Directions for this task - Transcribe the data exactly, pictures excluded.

Information -
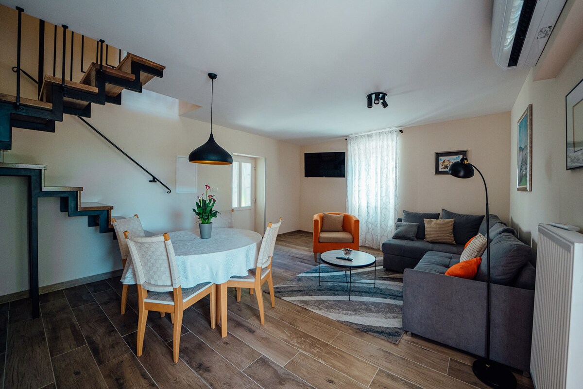 El apartamento se encuentra ubicado en el centro de Imotski cerca del Lago Azul. Hay un alojamiento de lujo con aparcamiento privado gratuito y una hermosa vista a la montaña Biokovo. Baño privado, TV de pantalla plana, canales por cable, wifi gratuito, sala de estar, cocina y comedor equipados, parte de baldosas de la terraza. El apartamento puede relajarse en la terraza y cerca podrá disfrutar de un paseo por la ciudad y de la belleza natural de Blue y Red Lake.
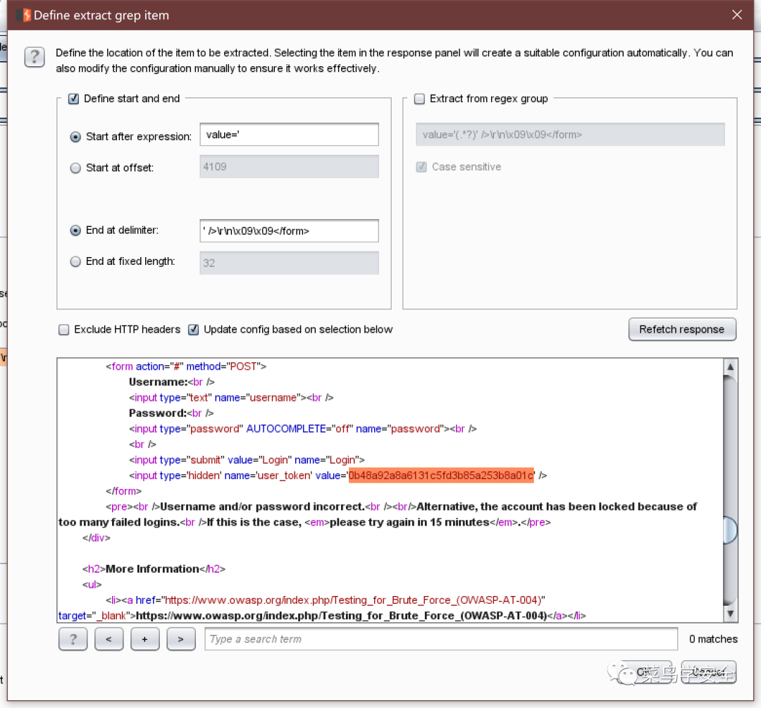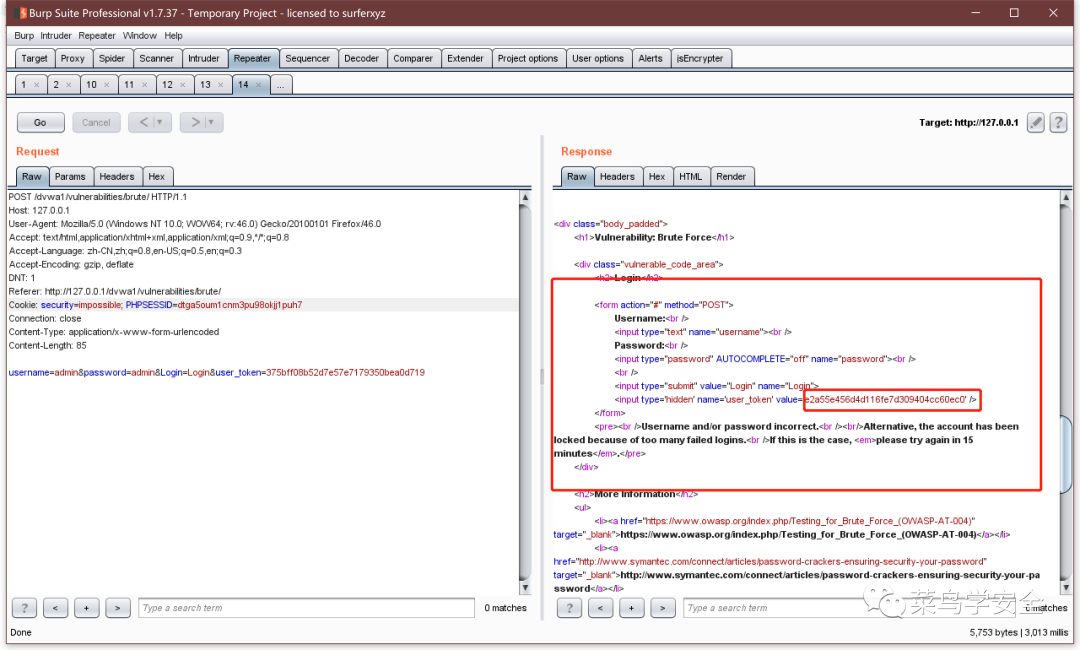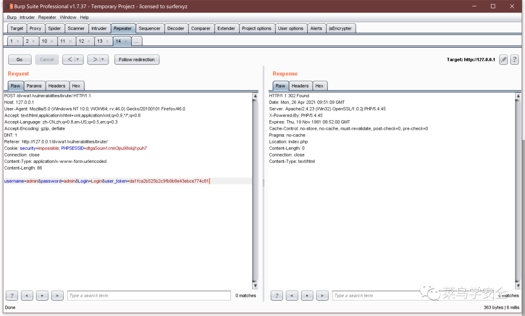 可以看到这里在输入用户名密码以后,携带了Token过去,验证用户密码完毕以后,再返回了一个Token,我们就可以利用返回的Token再次去尝试用户名密码,如果Token错误就返回302
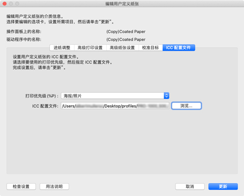 如果要编辑的用户定义纸张已有合适的ICC配置文件,请单击浏览按钮,然后选择该ICC配置文件。
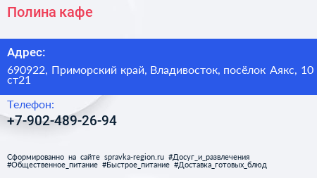 Полина, кафе по адресу 690922, Приморский край, Владивосток, посёлок Аякс, 10 ст21 в дальнейшем Организация, размещена в следующих категориях:
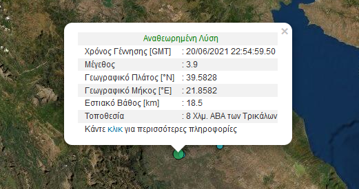 Σύμφωνα με τα στοιχεία του Γεωδυναμικού Ινστιτούτου Αθηνών, ο σεισμός είχε ένταση 3,9 Ρίχτερ, ενώ το επίκεντρο εντοπίστηκε 8 χλμ. ΑΒΑ των Τρικάλων. Το εστιακό βάθος της δόνησης προσδιορίστηκε στα 18.5 χλμ.

Task result -
 El apartamento se encuentra ubicado en el centro de Imotski cerca del Lago Azul. Hay un alojamiento de lujo con aparcamiento privado gratuito y una hermosa vista a la montaña Biokovo. Baño privado, TV de pantalla plana, canales por cable, wifi gratuito, sala de estar, cocina y comedor equipados, parte de baldosas de la terraza. El apartamento puede relajarse en la terraza y cerca podrá disfrutar de un paseo por la ciudad y de la belleza natural de Blue y Red Lake.
 可以看到这里在输入用户名密码以后,携带了Token过去,验证用户密码完毕以后,再返回了一个Token,我们就可以利用返回的Token再次去尝试用户名密码,如果Token错误就返回302
 如果要编辑的用户定义纸张已有合适的ICC配置文件,请单击浏览按钮,然后选择该ICC配置文件。
 Полина, кафе по адресу 690922, Приморский край, Владивосток, посёлок Аякс, 10 ст21 в дальнейшем Организация, размещена в следующих категориях:
 Σύμφωνα με τα στοιχεία του Γεωδυναμικού Ινστιτούτου Αθηνών, ο σεισμός είχε ένταση 3,9 Ρίχτερ, ενώ το επίκεντρο εντοπίστηκε 8 χλμ. ΑΒΑ των Τρικάλων. Το εστιακό βάθος της δόνησης προσδιορίστηκε στα 18.5 χλμ.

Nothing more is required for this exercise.